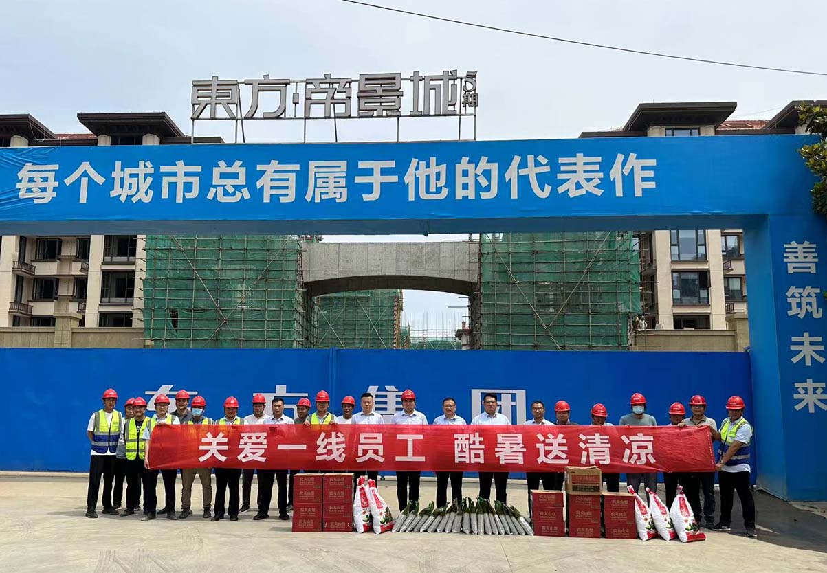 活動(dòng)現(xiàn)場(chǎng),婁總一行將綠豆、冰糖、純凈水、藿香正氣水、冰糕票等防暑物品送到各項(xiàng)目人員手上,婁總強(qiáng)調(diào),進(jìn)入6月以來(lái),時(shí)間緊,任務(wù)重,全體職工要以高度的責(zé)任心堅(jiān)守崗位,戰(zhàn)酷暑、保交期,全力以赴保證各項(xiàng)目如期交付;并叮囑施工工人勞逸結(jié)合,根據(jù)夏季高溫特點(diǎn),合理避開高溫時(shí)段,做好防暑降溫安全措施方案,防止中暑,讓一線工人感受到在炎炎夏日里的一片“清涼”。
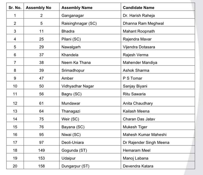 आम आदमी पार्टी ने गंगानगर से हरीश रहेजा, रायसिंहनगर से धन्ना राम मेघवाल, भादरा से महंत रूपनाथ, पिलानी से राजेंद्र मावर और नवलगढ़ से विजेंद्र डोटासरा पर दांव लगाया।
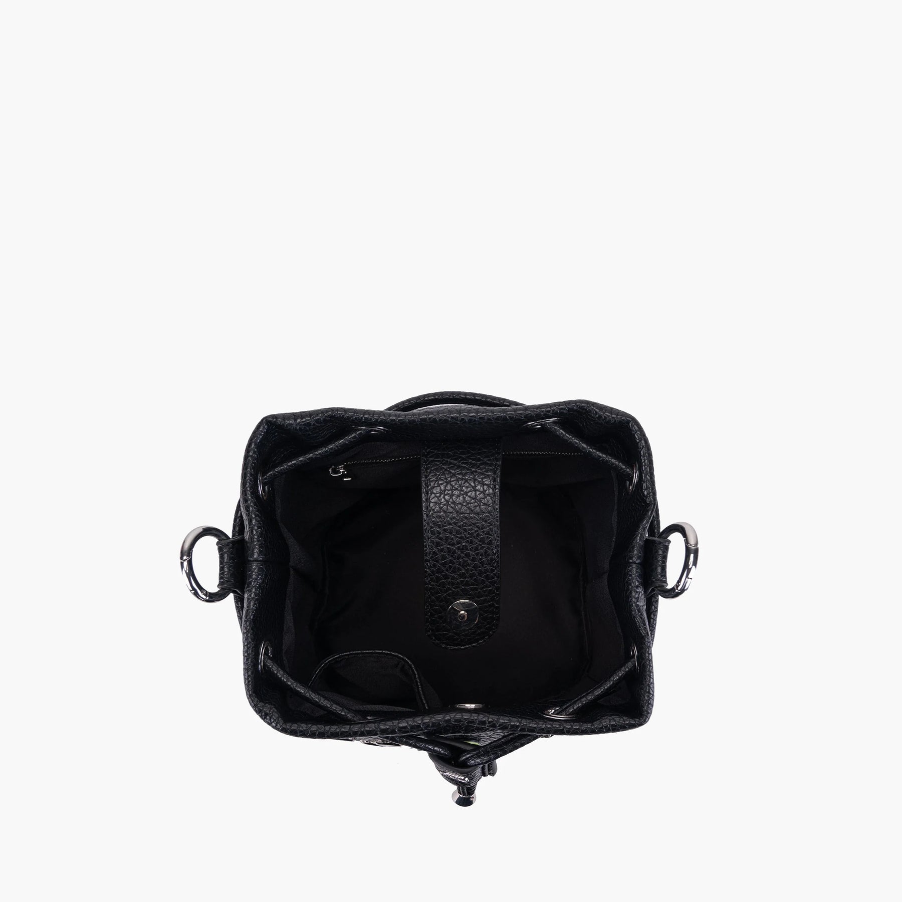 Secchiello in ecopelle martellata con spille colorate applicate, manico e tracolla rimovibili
——————————
HOW TO COMPLETE THIS TASK
Beginning with the line that contains "आम आदमी पार्टी" in the data above, please copy each line exactly until the last line, both ends included, skipping any pictures.

RESPONSE AREA
 आम आदमी पार्टी ने गंगानगर से हरीश रहेजा, रायसिंहनगर से धन्ना राम मेघवाल, भादरा से महंत रूपनाथ, पिलानी से राजेंद्र मावर और नवलगढ़ से विजेंद्र डोटासरा पर दांव लगाया।
 Secchiello in ecopelle martellata con spille colorate applicate, manico e tracolla rimovibili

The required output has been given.